**TASK STATEMENT**
Take the lines below from the one with "5、锅倒适量油,油热倒鸡肉片滑炒变色。" through the one with "When I let it" and retype them exactly. Include nothing else, and no pictures.

**AVAILABLE DATA**
= = =
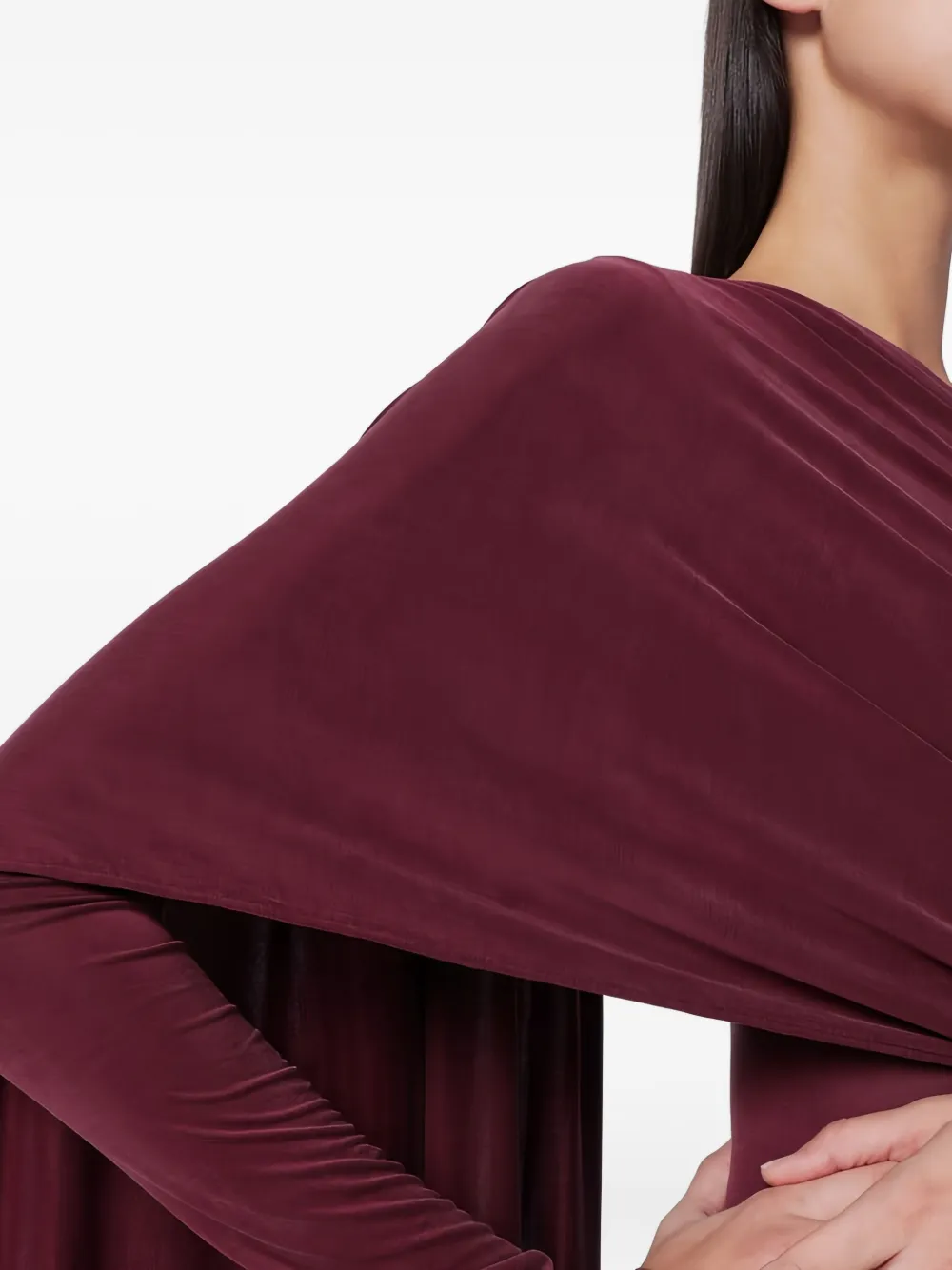 Темно-красное платье с драпировкой и длинными рукавами. Напоминаем, что этот товар необходимо примерять поверх собственной одежды.
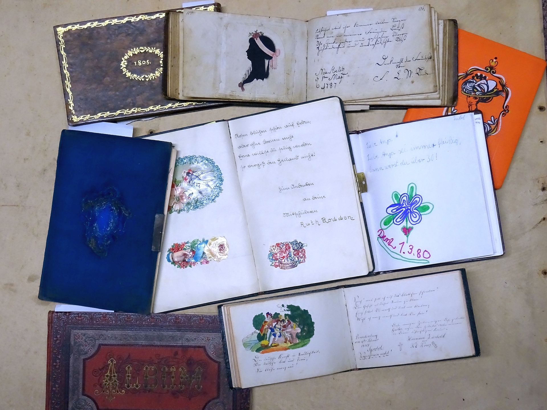 Das Museumsteam hat bereits im Depot danach gesucht, hat die eigenen Alben von zuhause mitgebracht und darin gestöbert. Wie viele Erinnerungen stecken darin! Und auch die Eintragungen in den Museumsstücken rühren an!
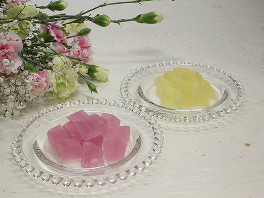 京菓子をもとに砂糖や赤ワインを混ぜあわせて独自の製法で作られた「ぶどう氷」は、薄くコーティングした砂糖のシャリシャリした食感ととろけるような寒天の食感をお楽しみいただけます。
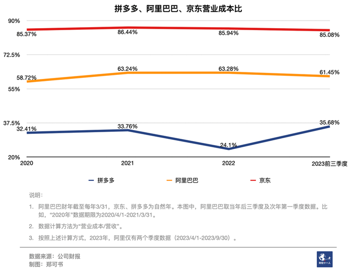 拼多多营业成本在总营收的占比在三家公司中保持最低。也就是说,每挣一元钱,拼多多花的营业成本比阿里、京东都要少。2023年前三季度,这个数字大约是阿里的六成、京东的四成。(计算方法详见下图“说明”部分)
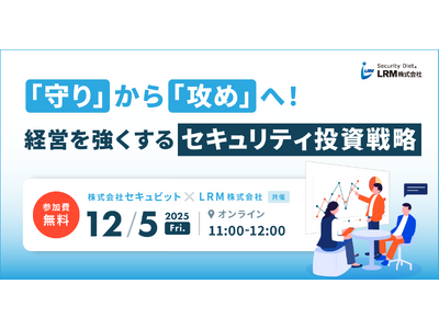 LRM株式会社(本社:兵庫県神戸市、代表取締役CEO:幸松哲也)、株式会社セキュビット(本社:東京都豊島区、代表取締役:増村洋二)は、2025年12月5日(金)11時から、「守り」から「攻め」へ!経営を強くするセキュリティ投資戦略を解説するセミナーを無料開催します。
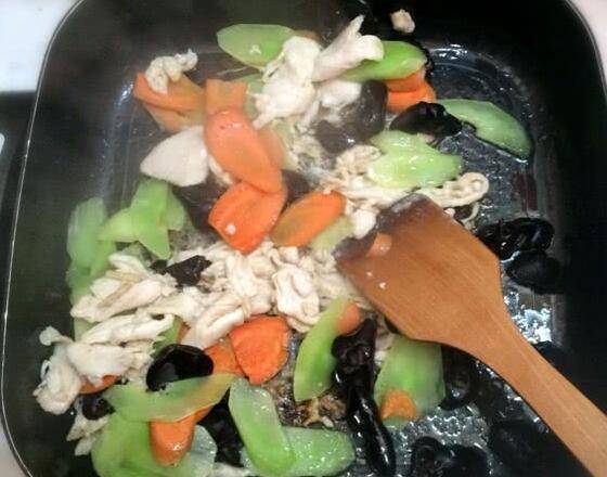 5、锅倒适量油,油热倒鸡肉片滑炒变色。
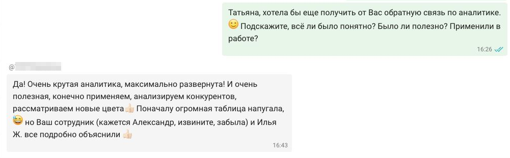 Да! Очень крутая аналитика, максимально развернута! И очень полезная, конечно применяем, анализируем конкурентов, рассматриваем новые цвета 👍🏻 Поначалу огромная таблица напугала, 😅 но Ваш сотрудник (кажется Александр, извините, забыла) и Илья Ж. все подробно объяснили 👍🏻
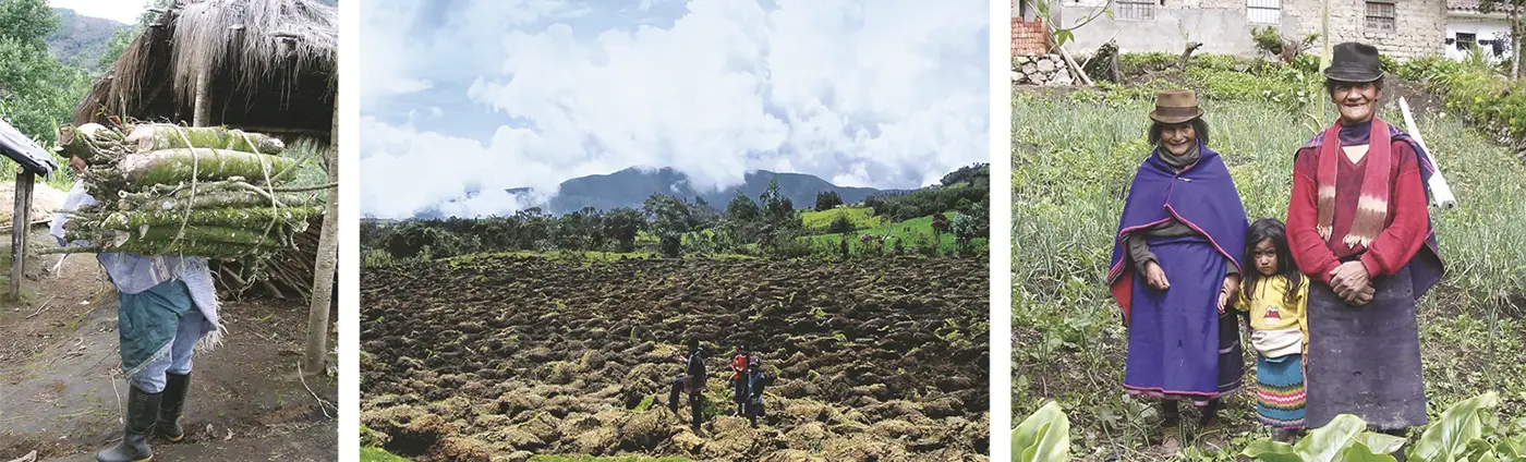 Siembran en pequeñas parcelas y en la tul, “hablando en castellano, una huertica”, donde crecen cebollas, habas, coles, zanahorias, “la cosa más necesaria allí al pie de la casa”. Los cultivos son asociados. Donde hay maíz, por ejemplo, siempre hay fríjol, arracacha o habas. Es creencia de muchas zonas andinas: “una planta le ayuda a la otra; el fríjol ayuda a cargar el maíz, por los nutrientes que suelta y el maíz, a cambio, le da sombra”.
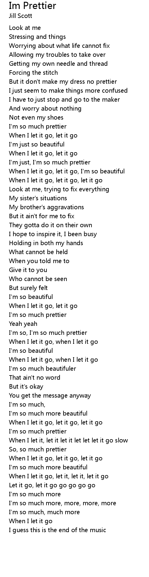 When I let it go, let it go, I'm so beautiful |
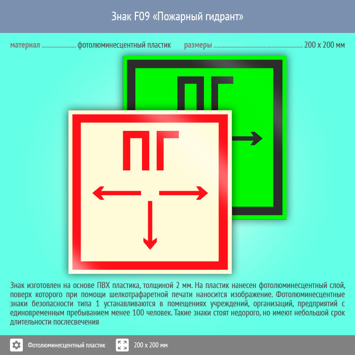 Знак F09 «Пожарный гидрант» (фотолюминесцентный пластик, 200х200 мм) в Верее купить
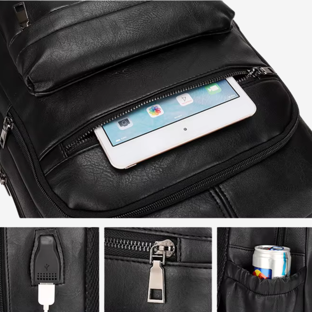 Pratique : port USB extérieur pour recharger vos appareils, format compact favorisant la mobilité et organisation simple pour partir léger sans s’encombrer.
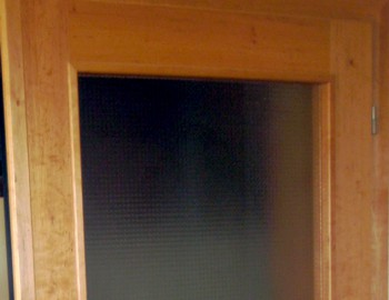 Obložkové vnitřní dveře 4 mají výrazně prosklenou plochu s matným průhledem, což prosvětluje tmavý prostor za nimi. Jejich světlá barva ladí se světlým vzorem podlahy. Mají pevný rám.
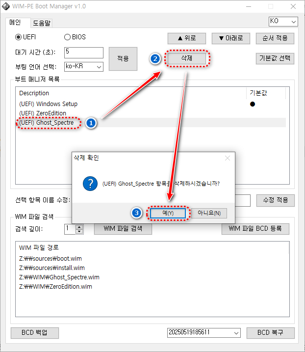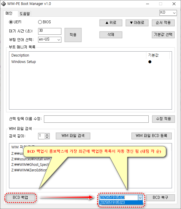 - BCD 백업시 콤보박스 목록에 추가 되고 가장 최근 목록이 선택 됩니다.
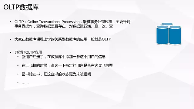 OLTP数据库典型的应用就是用户注册,在数据库里面新添加一条用户的信息,上飞机的时候看一下这个用户有没有买票,进图书馆把书还了等,把还的书从借阅的状态变成未借阅的状态,这很显然是数据的更新、查找,一般不用聚合,这是很典型的OLTP数据库应用。
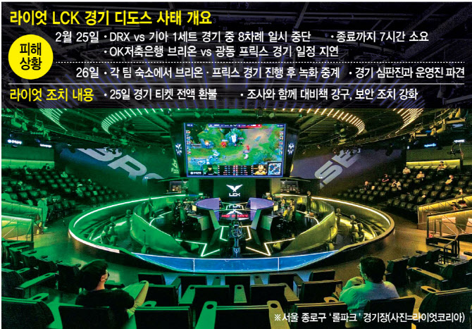 - 지난 25일 리그오브레전드(롤, LOL) 프로리그에서 ‘LOL 챔피언스 코리아’ 공식 경기 도중 디도스 공격을 받아 8차례나 게임을 일시 중단
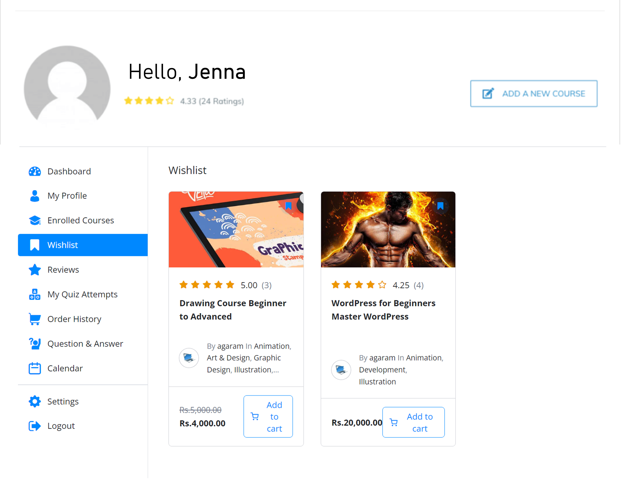 As a student you can add courses you like to your wishlist while you are browsing the courses. Just go to the dashboard and click Wishlist to view the courses you have saved. From here you can buy the courses that you already added to this wishlist, by selecting the “Add to cart” option.
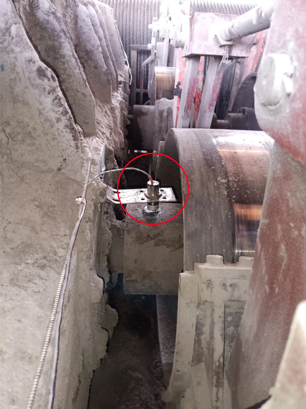 Proximity Sensor installed on the Gearbox Output of a Casting Crane live deployment at a leading global steel manufacturer.
= = =
**SOLUTION FOR THIS TASK**
 5、锅倒适量油,油热倒鸡肉片滑炒变色。
 Да! Очень крутая аналитика, максимально развернута! И очень полезная, конечно применяем, анализируем конкурентов, рассматриваем новые цвета 👍🏻 Поначалу огромная таблица напугала, 😅 но Ваш сотрудник (кажется Александр, извините, забыла) и Илья Ж. все подробно объяснили 👍🏻
 Siembran en pequeñas parcelas y en la tul, “hablando en castellano, una huertica”, donde crecen cebollas, habas, coles, zanahorias, “la cosa más necesaria allí al pie de la casa”. Los cultivos son asociados. Donde hay maíz, por ejemplo, siempre hay fríjol, arracacha o habas. Es creencia de muchas zonas andinas: “una planta le ayuda a la otra; el fríjol ayuda a cargar el maíz, por los nutrientes que suelta y el maíz, a cambio, le da sombra”.
 When I let it go, let it go, I'm so beautiful |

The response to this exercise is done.